+++ Data segment +++

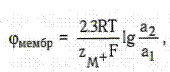 Если мембрана, проницаема, например, только для ионов М+, разделяет два раствора МХ различной концентрации, то часть ионов М+ будет диффундировать через эту мембрану из раствора с большей концентрацией в раствор с меньшей. В результате в первом растворе возникает некоторый избыток отрицательных зарядов, а во втором – положительных. Таким образом, возникает электрохимическая разность потенциалов между растворами, разделенными мембраной, которую наз. мембранным потенциалом (jмембр.). Электрические потенциалы устанавливаются и на клеточных мембранах различного типа. Для отдельного проникающего иона Х разность потенциалов на мембране может быть рассчитана по уравнению Нернста:
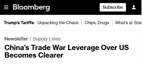 △彭博社14日刊发题为《中国在对美贸易战中愈加处于优势地位》
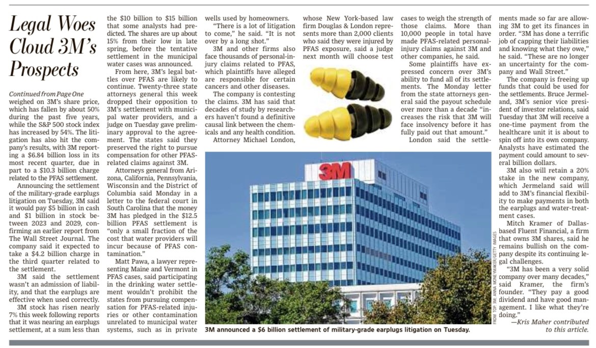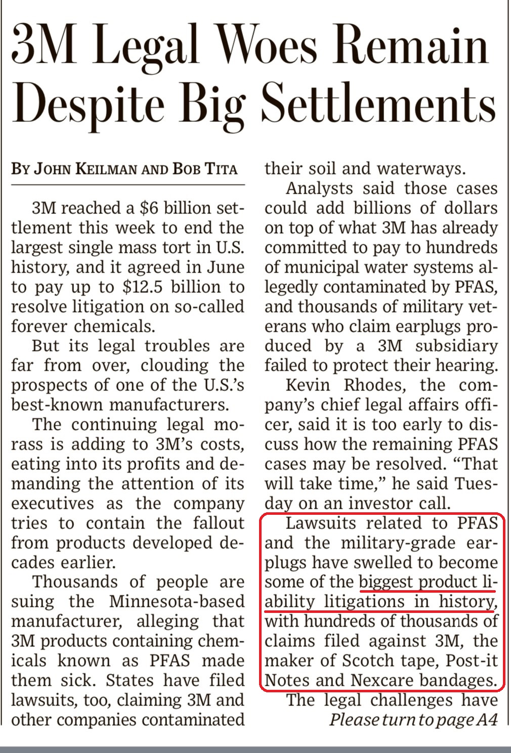 Nella realtà la situazione di 3M, negli USA (leggi il Wall Street Journal del 30 agosto 2023, sotto), è molto più complicata: probabilmente dovrà pagare una cifra pari a 10 miliardi di $ e subire cause da diversi stati americani per la qualità dell’acqua alterata dai suoi scarichi. Si prevede uno dei contenziosi (litigation) più grandi della storia, forse più ampio di quello in atto contro Bayer per il glifosato.

+++

Your instructions:
Exclude the pictures, and transcribe all of the material exactly.

Output below:
 Если мембрана, проницаема, например, только для ионов М+, разделяет два раствора МХ различной концентрации, то часть ионов М+ будет диффундировать через эту мембрану из раствора с большей концентрацией в раствор с меньшей. В результате в первом растворе возникает некоторый избыток отрицательных зарядов, а во втором – положительных. Таким образом, возникает электрохимическая разность потенциалов между растворами, разделенными мембраной, которую наз. мембранным потенциалом (jмембр.). Электрические потенциалы устанавливаются и на клеточных мембранах различного типа. Для отдельного проникающего иона Х разность потенциалов на мембране может быть рассчитана по уравнению Нернста:
 △彭博社14日刊发题为《中国在对美贸易战中愈加处于优势地位》
 Nella realtà la situazione di 3M, negli USA (leggi il Wall Street Journal del 30 agosto 2023, sotto), è molto più complicata: probabilmente dovrà pagare una cifra pari a 10 miliardi di $ e subire cause da diversi stati americani per la qualità dell’acqua alterata dai suoi scarichi. Si prevede uno dei contenziosi (litigation) più grandi della storia, forse più ampio di quello in atto contro Bayer per il glifosato.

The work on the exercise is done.